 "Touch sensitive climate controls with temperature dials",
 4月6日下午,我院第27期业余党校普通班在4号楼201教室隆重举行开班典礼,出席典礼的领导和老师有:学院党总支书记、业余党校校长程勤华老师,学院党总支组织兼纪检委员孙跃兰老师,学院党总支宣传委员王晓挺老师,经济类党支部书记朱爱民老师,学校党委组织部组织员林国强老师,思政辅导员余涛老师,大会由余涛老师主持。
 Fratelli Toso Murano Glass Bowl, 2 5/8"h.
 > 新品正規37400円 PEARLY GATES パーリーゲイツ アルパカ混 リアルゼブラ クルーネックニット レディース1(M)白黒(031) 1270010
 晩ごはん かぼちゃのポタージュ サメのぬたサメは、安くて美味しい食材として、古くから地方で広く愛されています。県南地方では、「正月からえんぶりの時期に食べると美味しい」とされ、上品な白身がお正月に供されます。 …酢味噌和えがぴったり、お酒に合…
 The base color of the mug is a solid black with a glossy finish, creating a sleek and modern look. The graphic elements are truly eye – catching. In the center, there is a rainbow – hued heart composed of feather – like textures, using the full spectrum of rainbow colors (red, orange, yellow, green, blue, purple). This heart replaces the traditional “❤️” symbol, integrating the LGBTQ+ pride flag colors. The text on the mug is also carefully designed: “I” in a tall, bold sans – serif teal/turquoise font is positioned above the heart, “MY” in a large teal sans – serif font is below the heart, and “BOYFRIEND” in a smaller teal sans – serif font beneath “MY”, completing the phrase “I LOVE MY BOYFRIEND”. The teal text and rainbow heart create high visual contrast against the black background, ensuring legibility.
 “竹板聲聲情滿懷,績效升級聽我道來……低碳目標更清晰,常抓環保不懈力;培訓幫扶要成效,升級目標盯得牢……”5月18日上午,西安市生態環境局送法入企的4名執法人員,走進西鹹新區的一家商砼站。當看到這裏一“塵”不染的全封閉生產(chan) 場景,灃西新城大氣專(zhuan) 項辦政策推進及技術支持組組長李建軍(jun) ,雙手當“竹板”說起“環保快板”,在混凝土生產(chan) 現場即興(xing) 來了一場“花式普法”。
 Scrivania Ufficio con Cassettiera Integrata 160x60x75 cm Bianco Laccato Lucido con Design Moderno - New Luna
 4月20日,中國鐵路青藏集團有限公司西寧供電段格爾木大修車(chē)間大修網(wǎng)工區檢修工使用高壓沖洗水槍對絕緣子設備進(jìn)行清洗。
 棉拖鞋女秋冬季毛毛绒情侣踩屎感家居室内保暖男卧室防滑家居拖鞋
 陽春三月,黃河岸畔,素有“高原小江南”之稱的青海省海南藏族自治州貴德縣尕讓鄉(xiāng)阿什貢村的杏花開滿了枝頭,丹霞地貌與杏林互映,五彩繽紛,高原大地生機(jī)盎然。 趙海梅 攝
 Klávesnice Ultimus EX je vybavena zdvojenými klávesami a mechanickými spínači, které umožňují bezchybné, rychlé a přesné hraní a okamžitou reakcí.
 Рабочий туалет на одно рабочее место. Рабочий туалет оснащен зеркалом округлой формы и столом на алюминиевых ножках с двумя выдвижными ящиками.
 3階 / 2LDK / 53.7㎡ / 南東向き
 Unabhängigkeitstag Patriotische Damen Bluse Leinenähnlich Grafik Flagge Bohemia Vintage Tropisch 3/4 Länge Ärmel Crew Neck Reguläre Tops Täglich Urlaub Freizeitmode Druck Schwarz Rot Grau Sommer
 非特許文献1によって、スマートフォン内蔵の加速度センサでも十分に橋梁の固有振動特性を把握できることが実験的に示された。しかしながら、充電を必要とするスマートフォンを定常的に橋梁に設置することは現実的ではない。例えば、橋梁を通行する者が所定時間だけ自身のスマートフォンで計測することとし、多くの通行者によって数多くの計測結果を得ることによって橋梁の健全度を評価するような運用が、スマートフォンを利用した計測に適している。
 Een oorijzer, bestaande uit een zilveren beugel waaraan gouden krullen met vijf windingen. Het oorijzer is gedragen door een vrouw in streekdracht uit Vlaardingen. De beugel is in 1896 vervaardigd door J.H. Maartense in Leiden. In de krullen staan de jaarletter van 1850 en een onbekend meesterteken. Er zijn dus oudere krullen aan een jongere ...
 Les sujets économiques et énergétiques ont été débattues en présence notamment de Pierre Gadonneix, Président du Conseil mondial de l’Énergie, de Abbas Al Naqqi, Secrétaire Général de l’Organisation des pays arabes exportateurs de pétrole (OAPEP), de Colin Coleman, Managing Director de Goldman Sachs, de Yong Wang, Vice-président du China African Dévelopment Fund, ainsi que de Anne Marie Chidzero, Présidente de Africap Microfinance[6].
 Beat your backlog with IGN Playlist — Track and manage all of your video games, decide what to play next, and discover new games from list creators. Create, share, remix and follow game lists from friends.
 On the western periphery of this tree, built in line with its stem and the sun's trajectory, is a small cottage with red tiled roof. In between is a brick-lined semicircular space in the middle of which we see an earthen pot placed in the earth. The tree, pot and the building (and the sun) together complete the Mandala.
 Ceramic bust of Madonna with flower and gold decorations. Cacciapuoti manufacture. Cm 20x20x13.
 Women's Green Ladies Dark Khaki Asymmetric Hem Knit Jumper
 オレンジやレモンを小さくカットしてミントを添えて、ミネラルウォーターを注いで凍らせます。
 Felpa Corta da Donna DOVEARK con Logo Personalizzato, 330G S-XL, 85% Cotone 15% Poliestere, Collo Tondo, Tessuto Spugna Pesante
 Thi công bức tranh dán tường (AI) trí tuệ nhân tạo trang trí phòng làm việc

— ASSIGNED TASK —
Retype each of the records, word for word, with nothing added or dropped.

— TASK RESULT —
 "Touch sensitive climate controls with temperature dials",
 4月6日下午,我院第27期业余党校普通班在4号楼201教室隆重举行开班典礼,出席典礼的领导和老师有:学院党总支书记、业余党校校长程勤华老师,学院党总支组织兼纪检委员孙跃兰老师,学院党总支宣传委员王晓挺老师,经济类党支部书记朱爱民老师,学校党委组织部组织员林国强老师,思政辅导员余涛老师,大会由余涛老师主持。
 Fratelli Toso Murano Glass Bowl, 2 5/8"h.
 > 新品正規37400円 PEARLY GATES パーリーゲイツ アルパカ混 リアルゼブラ クルーネックニット レディース1(M)白黒(031) 1270010
 晩ごはん かぼちゃのポタージュ サメのぬたサメは、安くて美味しい食材として、古くから地方で広く愛されています。県南地方では、「正月からえんぶりの時期に食べると美味しい」とされ、上品な白身がお正月に供されます。 …酢味噌和えがぴったり、お酒に合…
 The base color of the mug is a solid black with a glossy finish, creating a sleek and modern look. The graphic elements are truly eye – catching. In the center, there is a rainbow – hued heart composed of feather – like textures, using the full spectrum of rainbow colors (red, orange, yellow, green, blue, purple). This heart replaces the traditional “❤️” symbol, integrating the LGBTQ+ pride flag colors. The text on the mug is also carefully designed: “I” in a tall, bold sans – serif teal/turquoise font is positioned above the heart, “MY” in a large teal sans – serif font is below the heart, and “BOYFRIEND” in a smaller teal sans – serif font beneath “MY”, completing the phrase “I LOVE MY BOYFRIEND”. The teal text and rainbow heart create high visual contrast against the black background, ensuring legibility.
 “竹板聲聲情滿懷,績效升級聽我道來……低碳目標更清晰,常抓環保不懈力;培訓幫扶要成效,升級目標盯得牢……”5月18日上午,西安市生態環境局送法入企的4名執法人員,走進西鹹新區的一家商砼站。當看到這裏一“塵”不染的全封閉生產(chan) 場景,灃西新城大氣專(zhuan) 項辦政策推進及技術支持組組長李建軍(jun) ,雙手當“竹板”說起“環保快板”,在混凝土生產(chan) 現場即興(xing) 來了一場“花式普法”。
 Scrivania Ufficio con Cassettiera Integrata 160x60x75 cm Bianco Laccato Lucido con Design Moderno - New Luna
 4月20日,中國鐵路青藏集團有限公司西寧供電段格爾木大修車(chē)間大修網(wǎng)工區檢修工使用高壓沖洗水槍對絕緣子設備進(jìn)行清洗。
 棉拖鞋女秋冬季毛毛绒情侣踩屎感家居室内保暖男卧室防滑家居拖鞋
 陽春三月,黃河岸畔,素有“高原小江南”之稱的青海省海南藏族自治州貴德縣尕讓鄉(xiāng)阿什貢村的杏花開滿了枝頭,丹霞地貌與杏林互映,五彩繽紛,高原大地生機(jī)盎然。 趙海梅 攝
 Klávesnice Ultimus EX je vybavena zdvojenými klávesami a mechanickými spínači, které umožňují bezchybné, rychlé a přesné hraní a okamžitou reakcí.
 Рабочий туалет на одно рабочее место. Рабочий туалет оснащен зеркалом округлой формы и столом на алюминиевых ножках с двумя выдвижными ящиками.
 3階 / 2LDK / 53.7㎡ / 南東向き
 Unabhängigkeitstag Patriotische Damen Bluse Leinenähnlich Grafik Flagge Bohemia Vintage Tropisch 3/4 Länge Ärmel Crew Neck Reguläre Tops Täglich Urlaub Freizeitmode Druck Schwarz Rot Grau Sommer
 非特許文献1によって、スマートフォン内蔵の加速度センサでも十分に橋梁の固有振動特性を把握できることが実験的に示された。しかしながら、充電を必要とするスマートフォンを定常的に橋梁に設置することは現実的ではない。例えば、橋梁を通行する者が所定時間だけ自身のスマートフォンで計測することとし、多くの通行者によって数多くの計測結果を得ることによって橋梁の健全度を評価するような運用が、スマートフォンを利用した計測に適している。
 Een oorijzer, bestaande uit een zilveren beugel waaraan gouden krullen met vijf windingen. Het oorijzer is gedragen door een vrouw in streekdracht uit Vlaardingen. De beugel is in 1896 vervaardigd door J.H. Maartense in Leiden. In de krullen staan de jaarletter van 1850 en een onbekend meesterteken. Er zijn dus oudere krullen aan een jongere ...
 Les sujets économiques et énergétiques ont été débattues en présence notamment de Pierre Gadonneix, Président du Conseil mondial de l’Énergie, de Abbas Al Naqqi, Secrétaire Général de l’Organisation des pays arabes exportateurs de pétrole (OAPEP), de Colin Coleman, Managing Director de Goldman Sachs, de Yong Wang, Vice-président du China African Dévelopment Fund, ainsi que de Anne Marie Chidzero, Présidente de Africap Microfinance[6].
 Beat your backlog with IGN Playlist — Track and manage all of your video games, decide what to play next, and discover new games from list creators. Create, share, remix and follow game lists from friends.
 On the western periphery of this tree, built in line with its stem and the sun's trajectory, is a small cottage with red tiled roof. In between is a brick-lined semicircular space in the middle of which we see an earthen pot placed in the earth. The tree, pot and the building (and the sun) together complete the Mandala.
 Ceramic bust of Madonna with flower and gold decorations. Cacciapuoti manufacture. Cm 20x20x13.
 Women's Green Ladies Dark Khaki Asymmetric Hem Knit Jumper
 オレンジやレモンを小さくカットしてミントを添えて、ミネラルウォーターを注いで凍らせます。
 Felpa Corta da Donna DOVEARK con Logo Personalizzato, 330G S-XL, 85% Cotone 15% Poliestere, Collo Tondo, Tessuto Spugna Pesante
 Thi công bức tranh dán tường (AI) trí tuệ nhân tạo trang trí phòng làm việc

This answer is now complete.